_What is required_
Repeat the listing that follows, character for character, minus the pictures.

_Supplied material_

*****

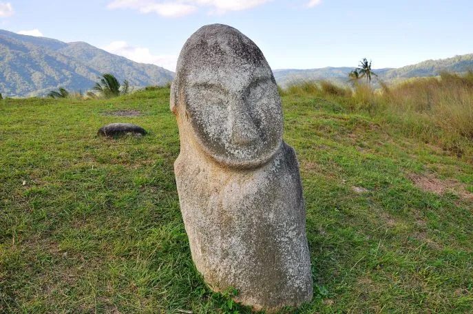 Heute begibt sich Ihre Familie auf eine abenteuerliche Fahrt mit dem Jeep in den weitläufigen Lore Lindu Nationalpark. Bis vor einigen Jahrzehnten war dieses Tal nur mit einem Missionsflugzeug erreichbar; jetzt können Sie es auf einem größtenteils unbefestigten, aber in der Trockenzeit einigermaßen befahrbaren Weg in etwa 4–5 Stunden erreichen. Dies ist eine schöne Straße durch den tropischen Regenwald. Sie steigen langsam, aber sicher an, passieren einen Berghang und sinken auf eine Höhe von etwa 500 Metern. Im Badatal sowie in einigen anderen Tälern im Lore Lindu Park finden Sie die beeindruckendsten Megalithen, die in Indonesien zu finden sind. Besonders eindrucksvoll sind die primitives Statuen und die verzierten Steingefäße. Ihr Ursprung ist bis heute ein Rätsel. Der größte von ihnen, mit einer Länge von 440 cm, ist das schiefgelegene Palindo. Die Nase, runden Augen, Arme, Hände und das männliche Geschlecht sind deutlich abgebildet.
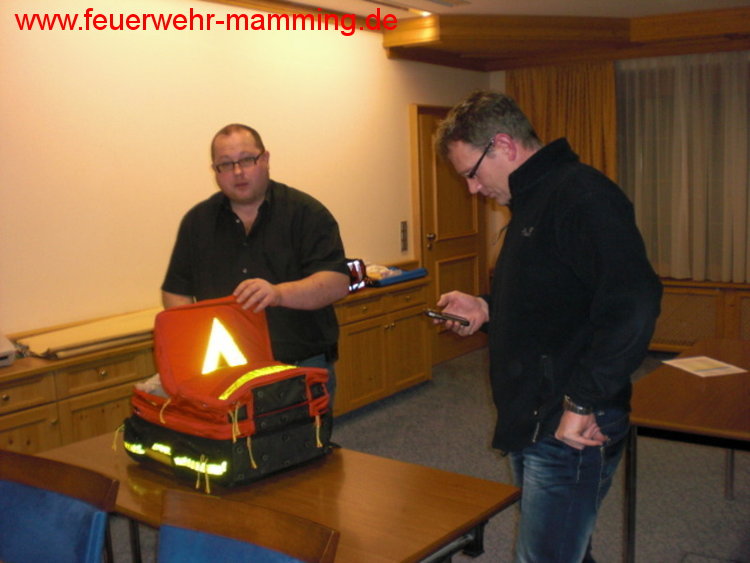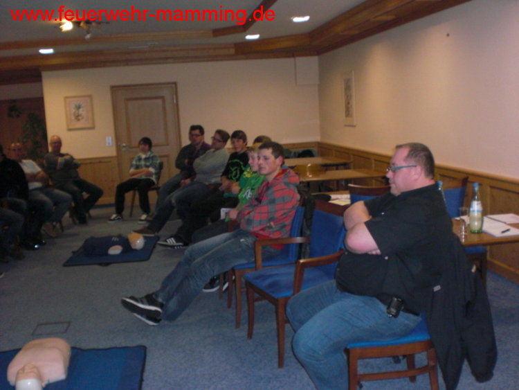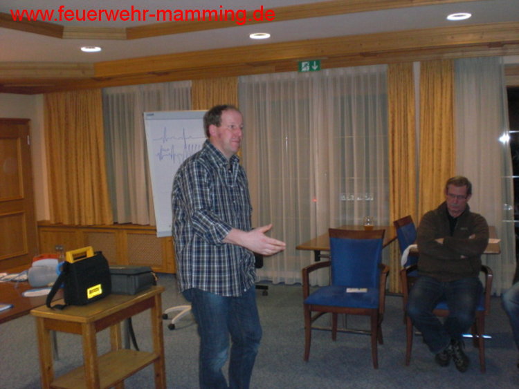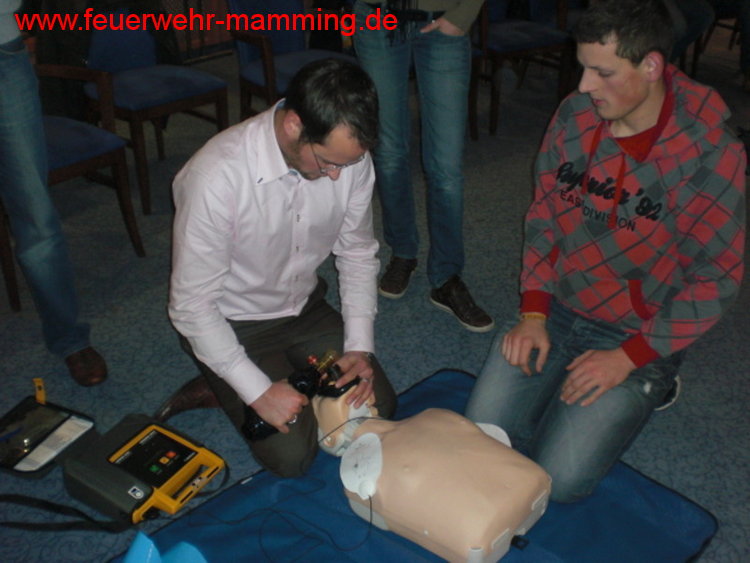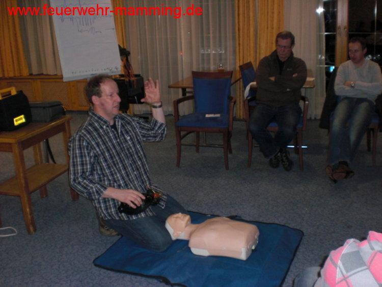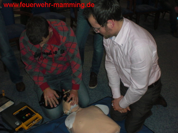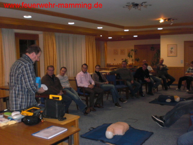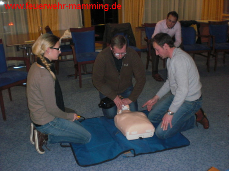 | Details: | Einladung an alle aktiven, passiven und fördernden Mitglieder der Feuerwehr Mamming zur jährlichen Auffrischung der 1. Hilfe Maßnahmen durch unser aktives Mitglied Robert Knott. Ebenso sind auch die Jugendgruppe und die Mitglieder des Mamminger Feuerwehrseniorenstammtisches recht herzlich eingeladen. Zur Auffrischung kommen Wiederbelebungsmaßnahmen, der Einsatz eines AED/Defi, das Stillen von Blutungen, usw. Die Teilnahme ist kostenlos. Wer verhindert ist oder die Schulung nochmals machen möchte, hat am 23. Februar 2012 wieder die Gelegenheit dazu. |
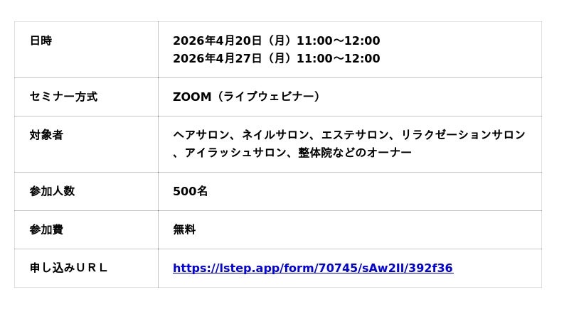 対象: ヘアサロン、ネイルサロン、エステサロン、リラクゼーションサロン、アイラッシュサロン、整体院など

*****

_Your solution_
 Heute begibt sich Ihre Familie auf eine abenteuerliche Fahrt mit dem Jeep in den weitläufigen Lore Lindu Nationalpark. Bis vor einigen Jahrzehnten war dieses Tal nur mit einem Missionsflugzeug erreichbar; jetzt können Sie es auf einem größtenteils unbefestigten, aber in der Trockenzeit einigermaßen befahrbaren Weg in etwa 4–5 Stunden erreichen. Dies ist eine schöne Straße durch den tropischen Regenwald. Sie steigen langsam, aber sicher an, passieren einen Berghang und sinken auf eine Höhe von etwa 500 Metern. Im Badatal sowie in einigen anderen Tälern im Lore Lindu Park finden Sie die beeindruckendsten Megalithen, die in Indonesien zu finden sind. Besonders eindrucksvoll sind die primitives Statuen und die verzierten Steingefäße. Ihr Ursprung ist bis heute ein Rätsel. Der größte von ihnen, mit einer Länge von 440 cm, ist das schiefgelegene Palindo. Die Nase, runden Augen, Arme, Hände und das männliche Geschlecht sind deutlich abgebildet.
 | Details: | Einladung an alle aktiven, passiven und fördernden Mitglieder der Feuerwehr Mamming zur jährlichen Auffrischung der 1. Hilfe Maßnahmen durch unser aktives Mitglied Robert Knott. Ebenso sind auch die Jugendgruppe und die Mitglieder des Mamminger Feuerwehrseniorenstammtisches recht herzlich eingeladen. Zur Auffrischung kommen Wiederbelebungsmaßnahmen, der Einsatz eines AED/Defi, das Stillen von Blutungen, usw. Die Teilnahme ist kostenlos. Wer verhindert ist oder die Schulung nochmals machen möchte, hat am 23. Februar 2012 wieder die Gelegenheit dazu. |
 対象: ヘアサロン、ネイルサロン、エステサロン、リラクゼーションサロン、アイラッシュサロン、整体院など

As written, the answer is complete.